THE TASK:
Return every entry exactly as written, with the pictures removed.

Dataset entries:
------------------------------

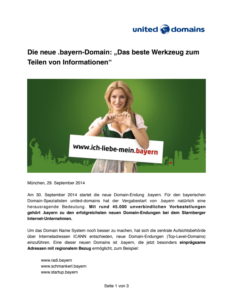 Am 30. September 2014 startet die neue Domain-Endung .bayern. Für den bayerischen Domain-Spezialisten united-domains hat der Vergabestart von .bayern natürlich eine herausragende Bedeutung. Mit rund 45.000 unverbindlichen Vorbestellungen gehört .bayern zu den erfolgreichsten neuen Domain-Endungen bei dem Starnberger Internet-Unternehmen.
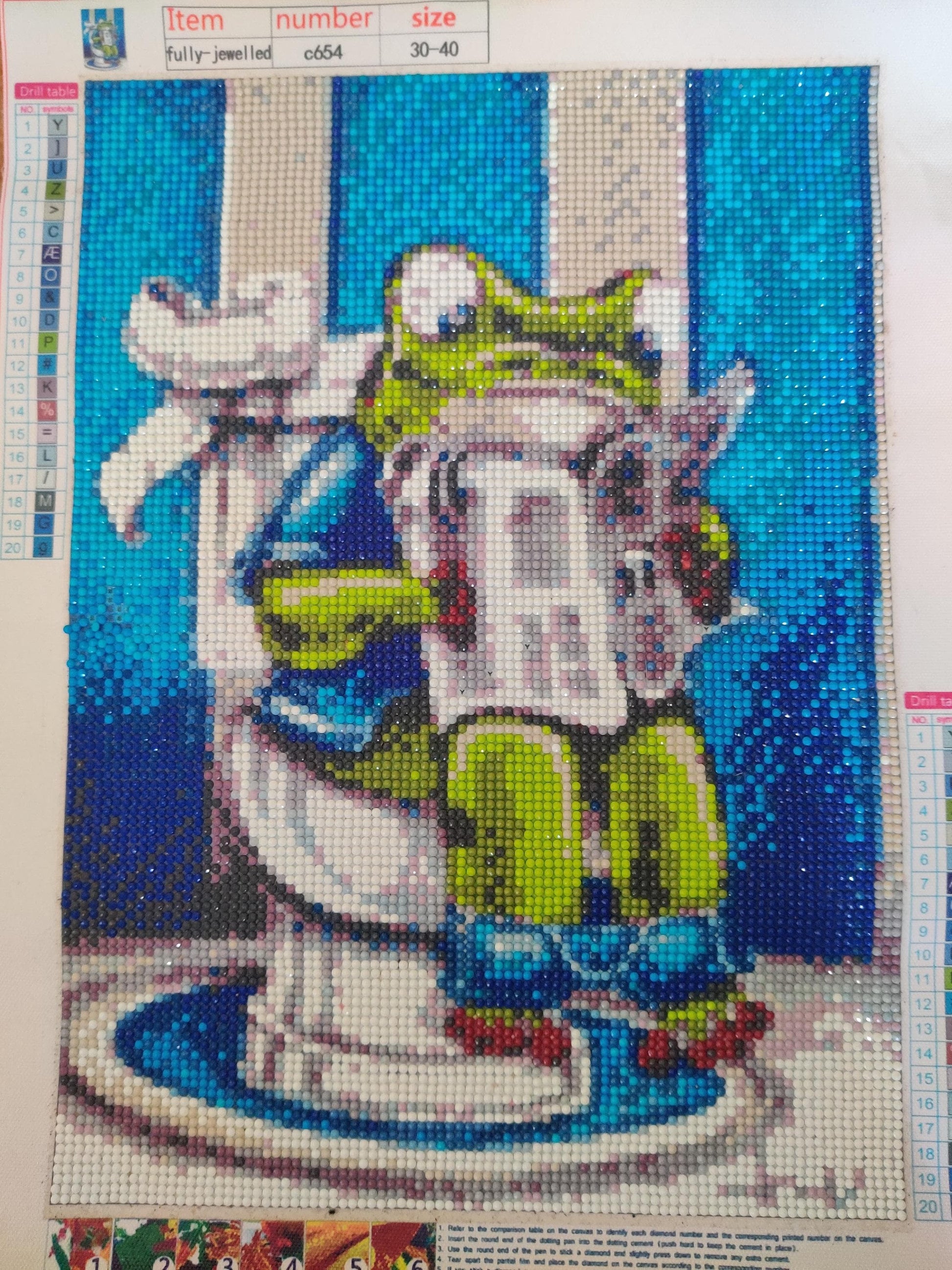 Rolig diamond painting med motiv av en groda som läser tidning på toaletten.
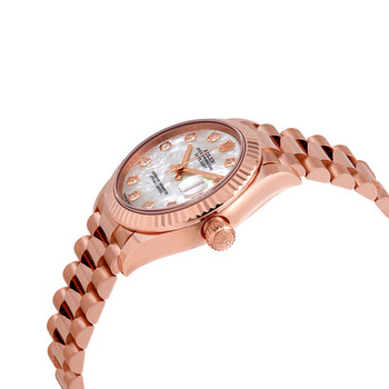 18kt everose gold case with a 18kt everose gold Rolex president bracelet. Fixed fluted 18kt everose gold bezel. White mother of pearl dial with everose gold hands and diamond hour markers. Dial Type: Analog. Date display at the 3 o'clock position. Rolex calibre 2236 automatic movement, based upon Rolex 2235, containing 31 Jewels, bitting at 28800 vph, and has a power reserve of approximately 55 hours. Scratch resistant sapphire crystal. Screw down crown. Solid case back. Round case shape. Case size: 31 mm. Fold over clasp. Water resistant at 100 meters / 330 feet. Functions: date, hour, minute, second. Datejust 31 Series. Luxury watch style. Watch label: Swiss Made. Rolex Datejust 31 Mother of Pearl Diamond Dial Ladies 18kt Everose Gold President Watch 278275MDP.
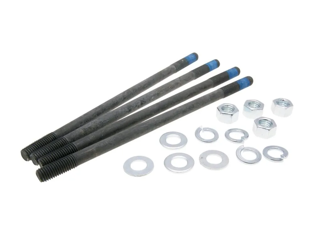 Sada stojanových šroubů válce pro Vespa Cosa, PK, PX, Primavera, Sprint a Super. Vhodná jako náhrada za ulomené či poškozené kusy. S maticemi a podložkami
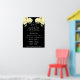 Bröllopsprogram skylt med en vintage illustration av gula blommor och grönska på en klassisk svart bakgrund.
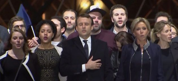 Emmanuel Macron llegó poco después de las 22:30 a la explanada del museo del Louvre de París, donde le esperaban miles de simpatizantes. El presidente recién elegido frente a su rival, Marine Le Pen, dio su segundo discurso de victoria antes de que llegaran su esposa y demás familiares a escena.
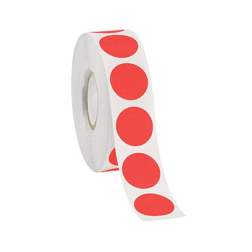 Fluorescent Red Self-Adhesive Labels are great for coordinate color-coding. Whether you’re having a sale or want to keep track of your inventory, the self-adhesive labels are a quick and easy way to mark your merchandise. Each label has a ¾” diameter, so there is space to write information accordingly. Match the labels with our colored fasteners and colored tags. Our red labels are available in a roll of 1000, making it an economical approach to pricing and marking inventory.Item Id: 85-93121
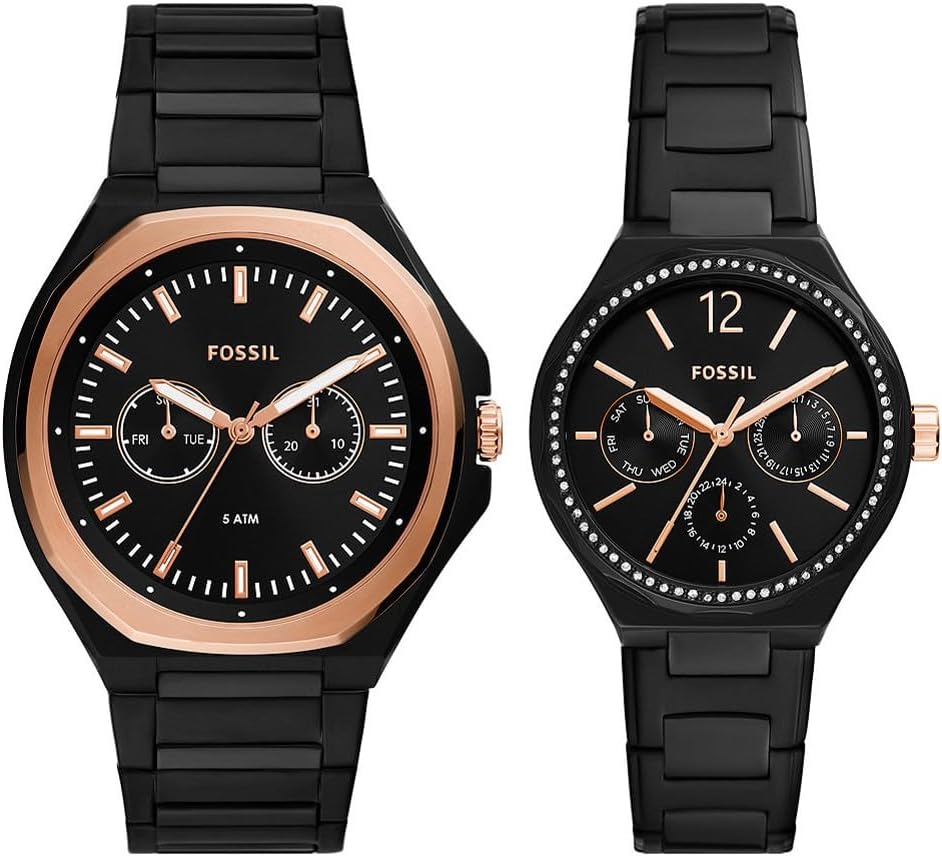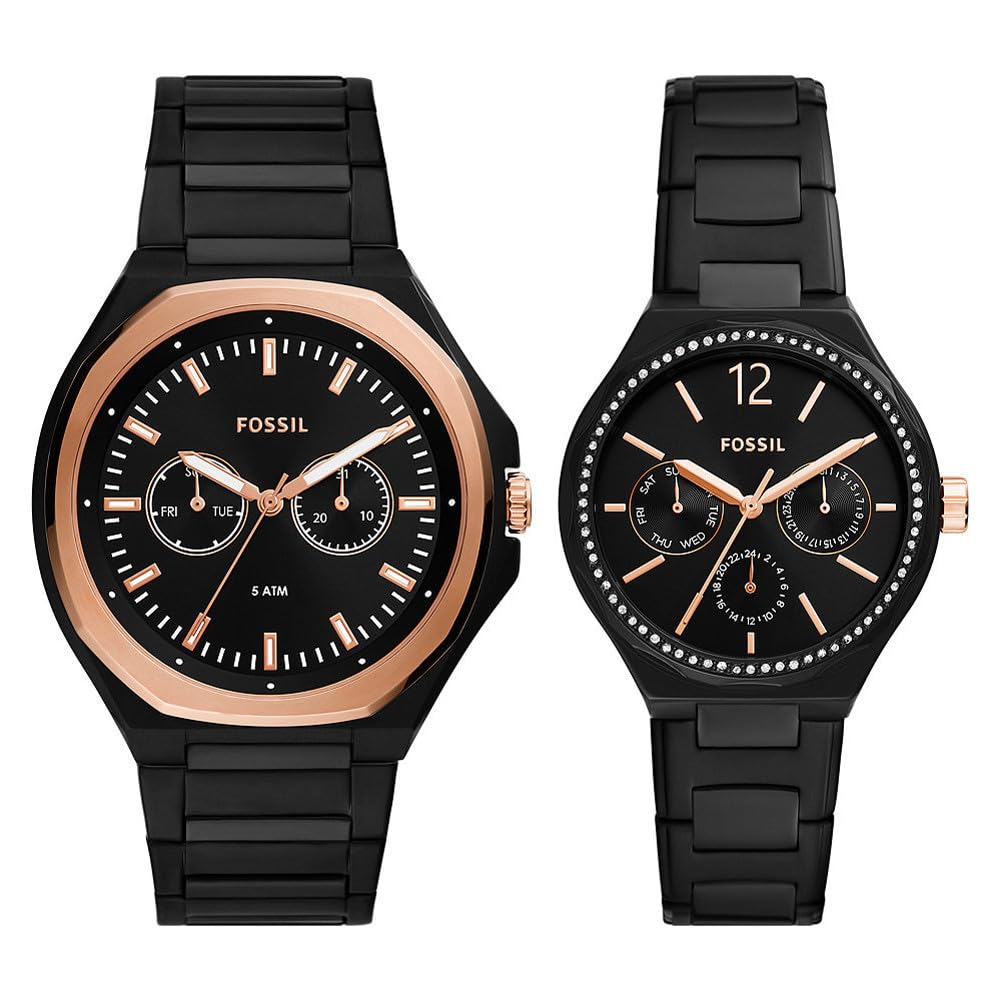 Fossil His and Her Multifunction Black Stainless Steel Watch Set - BQ2645SET
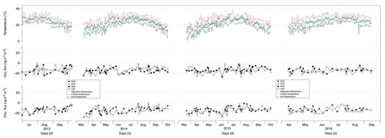 The patterns of temperature and soil CH4 emission flux from 2013 to 2016.
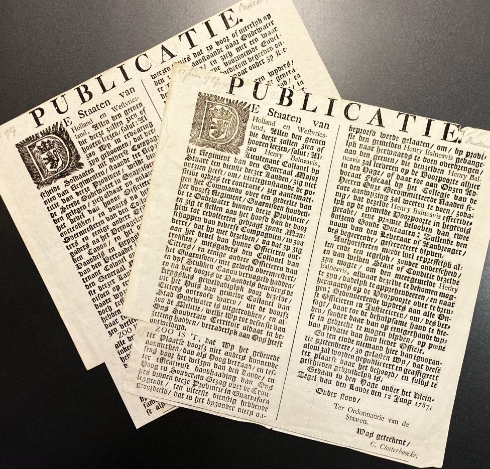 * Over het hoogverraad van de officier Henry Balneavis, die met een aantal soldaten zijn kolonel Van Citters van het garnizoen van Oudewater had overmeesterd, vijf kanonnen had vernageld, de krijgskas en de vaandels had gestolen uit het huis van Van Citters, en was weggetrokken uit zijn garnizoensstad. Het eerste plakkaat looft een beloning van 2000 gouden dukaten uit voor wie de gouden tip geeft om Balneavis te vangen neemt ‘zullende den naam van den Leveraar of Aanbrenger des begeerende gesecreteert blijven’. Het tweede plakkaat belooft amnestie aan de soldaten die zich vóór 1 juli overgeven ‘met een waar berouw over hunne voornoemde Euveldaaden en desertie’, zij zullen weer in hun compagnieën mogen dienen. Ondertekend door C. Clotterboocke.
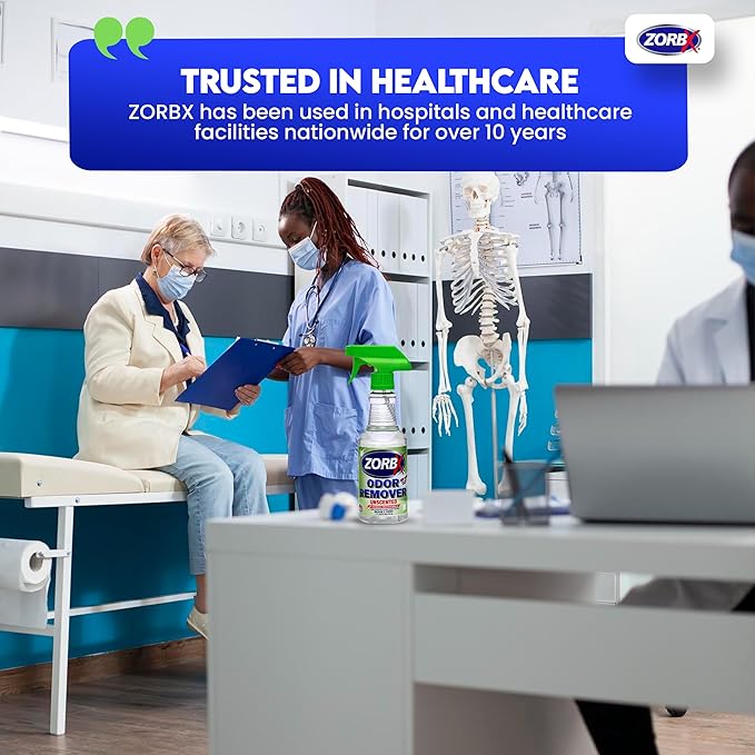 ZORBX Unscented Odor Eliminator for Strong Odor 16 oz - Pack of 2 - Used in Hospitals & Healthcare Facilities - Advanced Trusted Formula, Fast-Acting Odor Remover Spray for Dog, Cat, House & Carpet
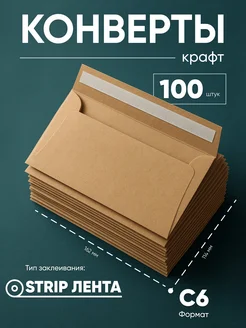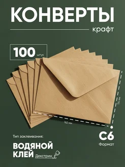Крафтовый бумажный почтовый конверт С6 100 штук

------------------------------

ANSWER BELOW:
 Am 30. September 2014 startet die neue Domain-Endung .bayern. Für den bayerischen Domain-Spezialisten united-domains hat der Vergabestart von .bayern natürlich eine herausragende Bedeutung. Mit rund 45.000 unverbindlichen Vorbestellungen gehört .bayern zu den erfolgreichsten neuen Domain-Endungen bei dem Starnberger Internet-Unternehmen.
 Rolig diamond painting med motiv av en groda som läser tidning på toaletten.
 18kt everose gold case with a 18kt everose gold Rolex president bracelet. Fixed fluted 18kt everose gold bezel. White mother of pearl dial with everose gold hands and diamond hour markers. Dial Type: Analog. Date display at the 3 o'clock position. Rolex calibre 2236 automatic movement, based upon Rolex 2235, containing 31 Jewels, bitting at 28800 vph, and has a power reserve of approximately 55 hours. Scratch resistant sapphire crystal. Screw down crown. Solid case back. Round case shape. Case size: 31 mm. Fold over clasp. Water resistant at 100 meters / 330 feet. Functions: date, hour, minute, second. Datejust 31 Series. Luxury watch style. Watch label: Swiss Made. Rolex Datejust 31 Mother of Pearl Diamond Dial Ladies 18kt Everose Gold President Watch 278275MDP.
 Sada stojanových šroubů válce pro Vespa Cosa, PK, PX, Primavera, Sprint a Super. Vhodná jako náhrada za ulomené či poškozené kusy. S maticemi a podložkami
 Bröllopsprogram skylt med en vintage illustration av gula blommor och grönska på en klassisk svart bakgrund.
 Emmanuel Macron llegó poco después de las 22:30 a la explanada del museo del Louvre de París, donde le esperaban miles de simpatizantes. El presidente recién elegido frente a su rival, Marine Le Pen, dio su segundo discurso de victoria antes de que llegaran su esposa y demás familiares a escena.
 Fluorescent Red Self-Adhesive Labels are great for coordinate color-coding. Whether you’re having a sale or want to keep track of your inventory, the self-adhesive labels are a quick and easy way to mark your merchandise. Each label has a ¾” diameter, so there is space to write information accordingly. Match the labels with our colored fasteners and colored tags. Our red labels are available in a roll of 1000, making it an economical approach to pricing and marking inventory.Item Id: 85-93121
 Fossil His and Her Multifunction Black Stainless Steel Watch Set - BQ2645SET
 The patterns of temperature and soil CH4 emission flux from 2013 to 2016.
 * Over het hoogverraad van de officier Henry Balneavis, die met een aantal soldaten zijn kolonel Van Citters van het garnizoen van Oudewater had overmeesterd, vijf kanonnen had vernageld, de krijgskas en de vaandels had gestolen uit het huis van Van Citters, en was weggetrokken uit zijn garnizoensstad. Het eerste plakkaat looft een beloning van 2000 gouden dukaten uit voor wie de gouden tip geeft om Balneavis te vangen neemt ‘zullende den naam van den Leveraar of Aanbrenger des begeerende gesecreteert blijven’. Het tweede plakkaat belooft amnestie aan de soldaten die zich vóór 1 juli overgeven ‘met een waar berouw over hunne voornoemde Euveldaaden en desertie’, zij zullen weer in hun compagnieën mogen dienen. Ondertekend door C. Clotterboocke.
 ZORBX Unscented Odor Eliminator for Strong Odor 16 oz - Pack of 2 - Used in Hospitals & Healthcare Facilities - Advanced Trusted Formula, Fast-Acting Odor Remover Spray for Dog, Cat, House & Carpet
Крафтовый бумажный почтовый конверт С6 100 штук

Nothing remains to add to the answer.